[Stored data entries]
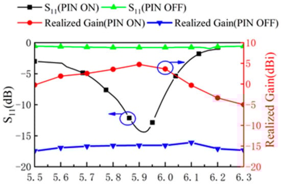 In the middle section of the feedline, four PIN diodes are used as switches to control the antenna’s radiation direction. The model of the PIN diodes is BAP70-03 (NXP, Eindhoven, Netherlands). Their equivalent circuit model is measured using the TRL calibration method, with the specific equivalent circuit shown in Figure 10. When the PIN diodes are in the open state, the on-state resistance is approximately 4.7 ohms. When they are in the off state, the off-state resistance is about 10,000 ohms. Additionally, the PIN diodes also introduce a series inductance of approximately 1.5 nH due to packaging. The gain and reflection coefficient of the reconfigurable antenna with a directional pattern are shown in Figure 11, which shows that the antenna has a certain filtering effect and can resist interference from other frequency antennas. In addition, when the PIN diode is turned off, the port of the antenna exhibits total reflection, indicating that the reconfigurable antenna has good selectivity.
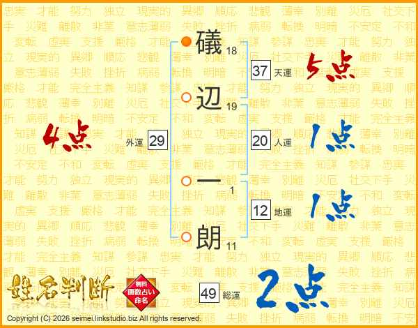 礒辺一朗さんの天運は37画の5点!
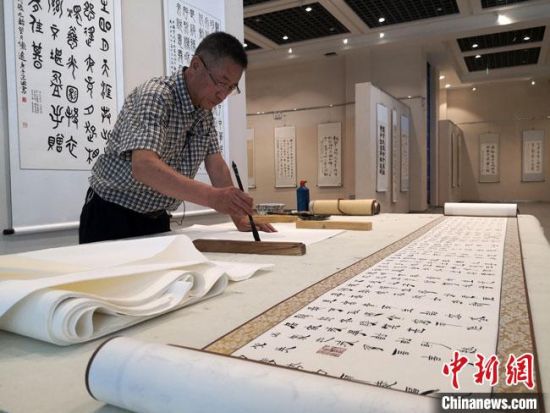 中新網(wǎng)蘭州9月22日電 (馮志軍 高瑩 閆姣)30多年前,因參與發(fā)現(xiàn)位于甘肅河西走廊大漠戈壁“深閨”中的懸泉置遺址,現(xiàn)場(chǎng)出土大量珍貴的簡(jiǎn)牘,令現(xiàn)任敦煌市文化館美術(shù)室主任、敦煌市美術(shù)館展覽部主任朱群魂?duì)繅?mèng)繞了很多年。而此后,當(dāng)時(shí)出土簡(jiǎn)牘上的漢簡(jiǎn)書體,成為他研究、傳承和弘揚(yáng)的事業(yè)。
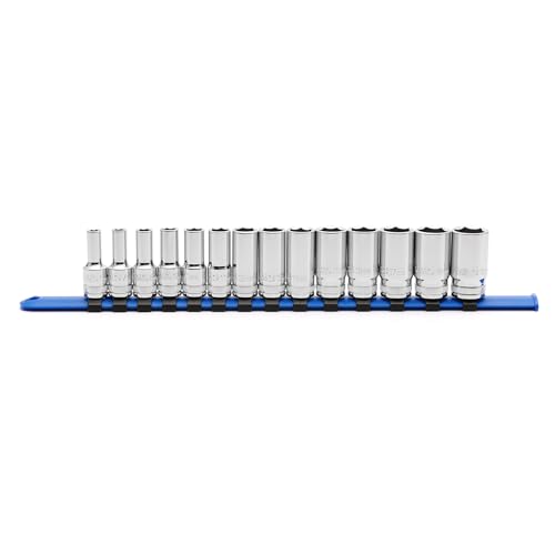 MIXPOWER 3/8-Zoll-Antrieb, mittellanges Steckschlüssel-Set mit Aufbewahrungsschienen, 14-teilig, 6-kant, 6-19 mm, CR-V, metrisch, halbtiefes Steckschlüssel-Set
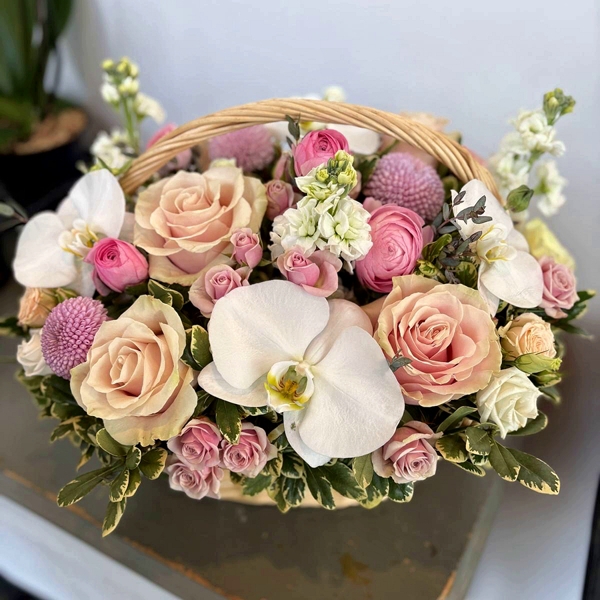 An elegant floral basket arrangement is prepared with many expensive and luxury flowers such as white phalaenopsis orchid blooms, pink disbuds "Momoko", light pink garden and spray roses, fragrant stocks, and some greenery foliage.
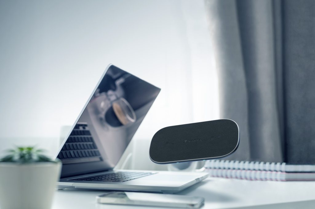 In den eigenen vier Wänden verschieben sich die Anforderungen an eine moderne Ladelösung. Mindestens so wichtig wie die Performance ist hier das Design des Ladegeräts. „Das Auge lädt mit“ ist die Devise. Die neuen Wireless Charger Pro und Multi von VARTA passen dank ihres schlichten Designs in jeden Raum – ob ins Schlafzimmer, ins Wohnzimmer oder auf dem Schreibtisch im heimischen Büro. Schwarzer Stoff auf der Oberseite, ein dezent auf der Ladefläche eingraviertes VARTA Logo, ein hochwertiges Aluminium-Gehäuse sowie eine unauffällige Status-LED an der Kante als Indikator für den Ladevorgang sprechen eine gewollt unauffällige Sprache. Dank praktischer Silikon-Füßchen lassen sich die Charger auch auf glatten Oberflächen sicher platzieren. Während mit auf dem Wireless Charger Pro ein Gerät geladen wird, versorgt der Wireless Charger Multi gleich zwei Geräte wie Smartphone und Wireless Kopfhörer mit neuer Energie. Trotz aller Zurückhaltung im Design schaffen es die Wireless Charger Modelle, die ihre Kraft jeweils aus dem mitgelieferten USB C Kabel beziehen, die nötige Power an den Geräte-Akku zu liefern: 15 Watt beim Wireless Charger Pro und bis zu 20 Watt pro Ladeseite beim Wireless Charger Multi. Praktisch ist dabei, dass sich die Geräte auch während des Ladevorgangs ganz normal nutzen lassen. Dem Surfen, Musikhören oder Videoschauen auf dem Smartphone steht also weiterhin nichts im Weg.

> **WORK TO COMPLETE**
Please reproduce the entries above exactly, omitting every picture.

> **ANSWER TO THIS TASK**
 In the middle section of the feedline, four PIN diodes are used as switches to control the antenna’s radiation direction. The model of the PIN diodes is BAP70-03 (NXP, Eindhoven, Netherlands). Their equivalent circuit model is measured using the TRL calibration method, with the specific equivalent circuit shown in Figure 10. When the PIN diodes are in the open state, the on-state resistance is approximately 4.7 ohms. When they are in the off state, the off-state resistance is about 10,000 ohms. Additionally, the PIN diodes also introduce a series inductance of approximately 1.5 nH due to packaging. The gain and reflection coefficient of the reconfigurable antenna with a directional pattern are shown in Figure 11, which shows that the antenna has a certain filtering effect and can resist interference from other frequency antennas. In addition, when the PIN diode is turned off, the port of the antenna exhibits total reflection, indicating that the reconfigurable antenna has good selectivity.
 礒辺一朗さんの天運は37画の5点!
 中新網(wǎng)蘭州9月22日電 (馮志軍 高瑩 閆姣)30多年前,因參與發(fā)現(xiàn)位于甘肅河西走廊大漠戈壁“深閨”中的懸泉置遺址,現(xiàn)場(chǎng)出土大量珍貴的簡(jiǎn)牘,令現(xiàn)任敦煌市文化館美術(shù)室主任、敦煌市美術(shù)館展覽部主任朱群魂?duì)繅?mèng)繞了很多年。而此后,當(dāng)時(shí)出土簡(jiǎn)牘上的漢簡(jiǎn)書體,成為他研究、傳承和弘揚(yáng)的事業(yè)。
 MIXPOWER 3/8-Zoll-Antrieb, mittellanges Steckschlüssel-Set mit Aufbewahrungsschienen, 14-teilig, 6-kant, 6-19 mm, CR-V, metrisch, halbtiefes Steckschlüssel-Set
 An elegant floral basket arrangement is prepared with many expensive and luxury flowers such as white phalaenopsis orchid blooms, pink disbuds "Momoko", light pink garden and spray roses, fragrant stocks, and some greenery foliage.
 In den eigenen vier Wänden verschieben sich die Anforderungen an eine moderne Ladelösung. Mindestens so wichtig wie die Performance ist hier das Design des Ladegeräts. „Das Auge lädt mit“ ist die Devise. Die neuen Wireless Charger Pro und Multi von VARTA passen dank ihres schlichten Designs in jeden Raum – ob ins Schlafzimmer, ins Wohnzimmer oder auf dem Schreibtisch im heimischen Büro. Schwarzer Stoff auf der Oberseite, ein dezent auf der Ladefläche eingraviertes VARTA Logo, ein hochwertiges Aluminium-Gehäuse sowie eine unauffällige Status-LED an der Kante als Indikator für den Ladevorgang sprechen eine gewollt unauffällige Sprache. Dank praktischer Silikon-Füßchen lassen sich die Charger auch auf glatten Oberflächen sicher platzieren. Während mit auf dem Wireless Charger Pro ein Gerät geladen wird, versorgt der Wireless Charger Multi gleich zwei Geräte wie Smartphone und Wireless Kopfhörer mit neuer Energie. Trotz aller Zurückhaltung im Design schaffen es die Wireless Charger Modelle, die ihre Kraft jeweils aus dem mitgelieferten USB C Kabel beziehen, die nötige Power an den Geräte-Akku zu liefern: 15 Watt beim Wireless Charger Pro und bis zu 20 Watt pro Ladeseite beim Wireless Charger Multi. Praktisch ist dabei, dass sich die Geräte auch während des Ladevorgangs ganz normal nutzen lassen. Dem Surfen, Musikhören oder Videoschauen auf dem Smartphone steht also weiterhin nichts im Weg.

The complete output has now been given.